Once you’ve spoken about the above with your doctor, you can ask him what he thinks your condition could be. If you do not agree with the doctor’s diagnosis, make sure to ask them more questions and understand why the doctor has come to this diagnosis. If you do not agree with it, you are unlikely to follow his advice and treatment, so it is always best to get your concerns sorted.

When the doctor presents you with a diagnosis, you can ask the following questions:

  • What is the diagnosis? Find out the complete medical name – and what it means in plain Sinhala/Tamil/English!
  • What is my prognosis (outlook for the future)?
  • What changes, if any, will I need to make in my daily life?
  • Is there a chance that someone else in my family might get the same condition?
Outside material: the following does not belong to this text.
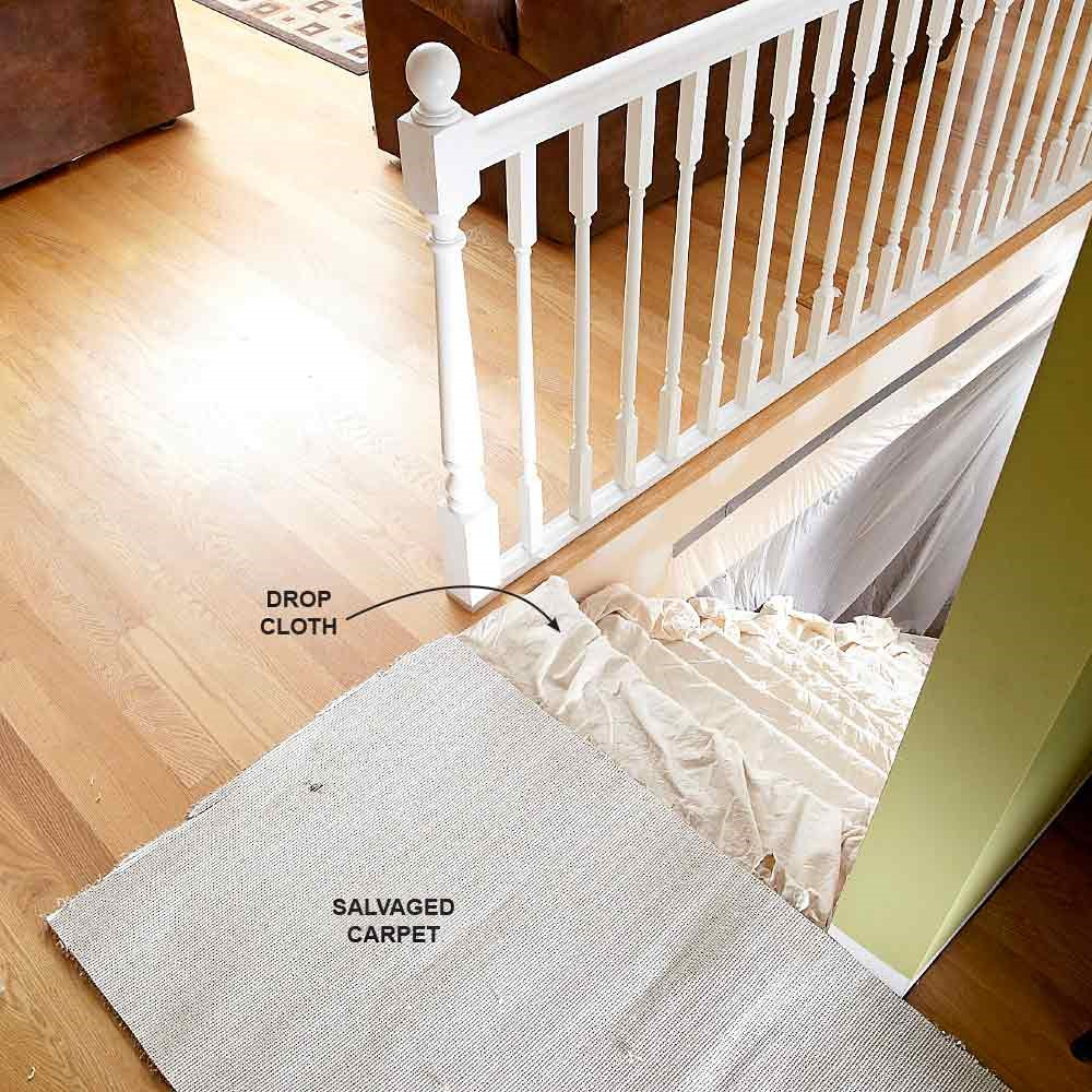 امکان ندارد بدون ایجاد خرابکاری، دیوار یا سقفی را از میان بردارید. اما این بدان معنا نیست که این بهم ریختگی در تمام قسمت های خانه به وجود آید. دفعه باید باید فرش یا پارچه ای را ببُرید و آن را به صورت چندین نوار بلند بُرش دهید و از آن به عنوان مسیر محافظ کفپوش در سایر مناطق خانه استفاده کنید. حتما پارچه را وارونه بکشید تا تکیه گاه ساینده در انتهای کفهای چوب خراشیده نشود. از پارچه های قدیمی و کهنه نیز میتوان برای محافظت از پله ها استفاده کرد.

If you cannot understand your doctor’s explanations, here are a few questions you can ask:

  • Could you explain in simple Sinhala/Tamil/English?
  • Can you write it down for me?
  • Can you draw what you are describing?
  • Where can I find more information about this subject?

What happens if you and your doctor differ about a treatment option? Let me point out that there’s a right way of approaching your doctor and a wrong way. It’s simply a matter of mutual respect; you wouldn’t want your doctor to assume the worst about you, so, don’t assume the worst about him! Often, if you can put across your feelings and apprehensions in the right way, you can get your doctor to help you. Explain your needs to the physician in a polite way, without any belligerence or hostility. Remember that you are both on the same side – yours!
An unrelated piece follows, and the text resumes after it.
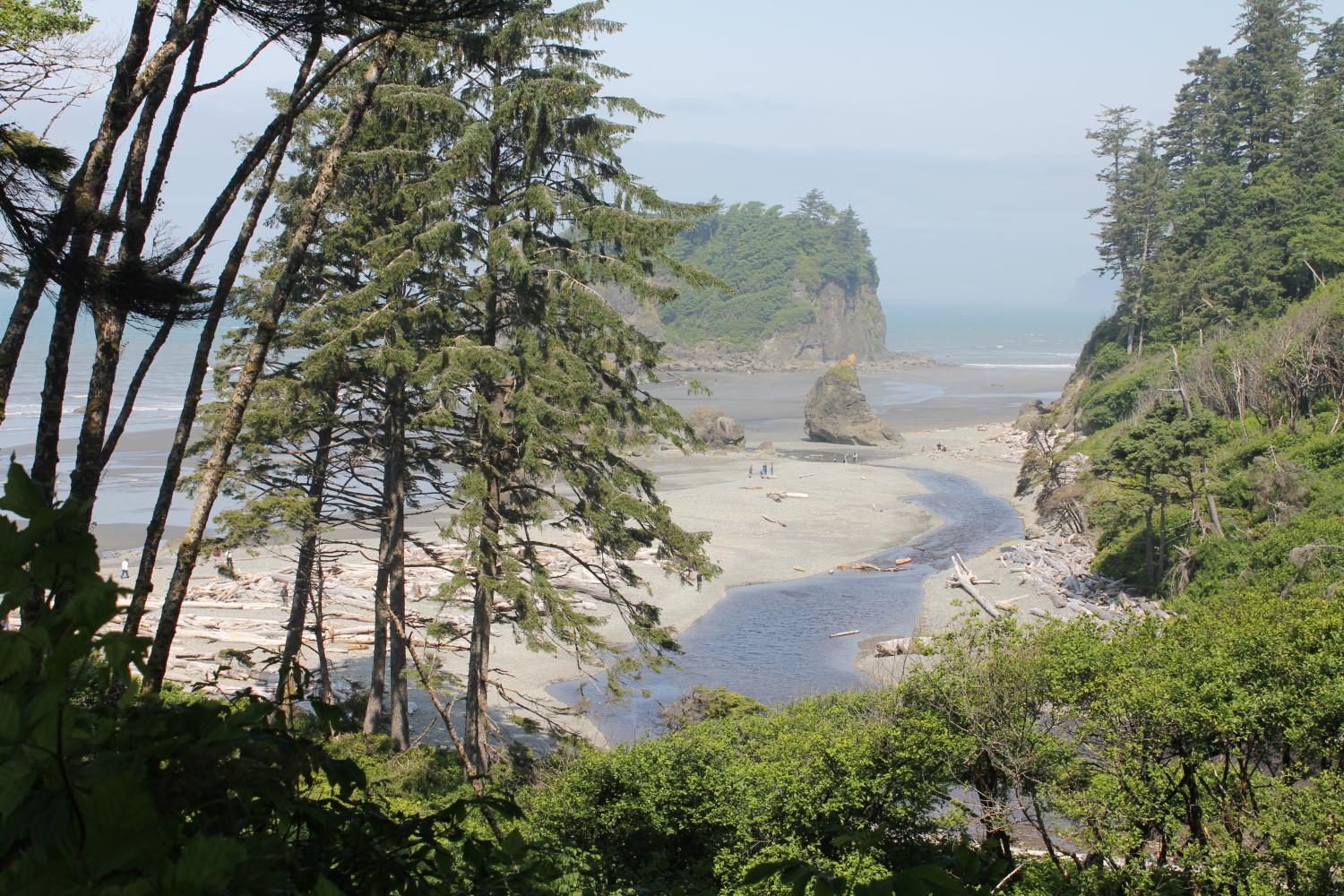 Drie dagen stonden we met onze “mobile home” pal aan het woeste strand van Kalaloch. De eerste morgen hebben de 4 meisjes een eerste strandwandeling gemaakt. Bij eb kun je de rotsen in zee bereiken en die zijn ruim beplakt met schelpen (je hoort ze dichtkleppen als je dichtbij bent), anemonen en zeesterren. Prachtig weer kregen we erbij, met zeewind. Toen Timo was herrezen zijn we in de middag een verzoeknummer van Dautse en Fen gaan uitvoeren: naar Forks. Forks is een buitengewoon onbenullig plaatsje middenin het Olympic National park, en het is de plaats waar de Twilight series en films zich afspelen. Met als gevolg dat er her en der op schijnbaar willekeurige plekken plots toeristen op de foto willen met een huis, auto of ziekenhuis (die dus in de serie voorkomt)? Wij zijn met onze camper door het plaatsje gecrossed en bij elk hoogtepunt stopten we, D&F eruit, foto, terug in de auto, verder. Geweldige ervaring!

In order to best support your doctor and them you, make sure to do the following:

  • Get ready for your appointment on time or if you are unable to make the appointment, cancel ahead of time  
  • Do your best to explain exactly what is bothering you. i.e. You can express your anxieties and apprehensions clearly.
  • Answer the doctor’s questions honestly.
  • Volunteer any important information that the doctor may not specifically ask about, including family history.
  • Let the doctor know if you cannot follow his directions and specify the reasons why.
  • Take medications as directed, strictly adhering to the dose schedule. Do not stop taking your medication once you feel better. Make sure to stick to the timelines your doctor has provided you with.
  • If you disagree with your doctor, express your  dissatisfaction in a courteous manner

While your doctor can provide guidance on your sicknesses or any medical conditions, you will be doing most of the legwork in getting your mind and body to its healthiest state.  So take an active interest in your medical care. After all, this is the only body you have! Patients who know how to make the most of their doctor get better medical care. Therefore, it’s very important that you learn how to do so!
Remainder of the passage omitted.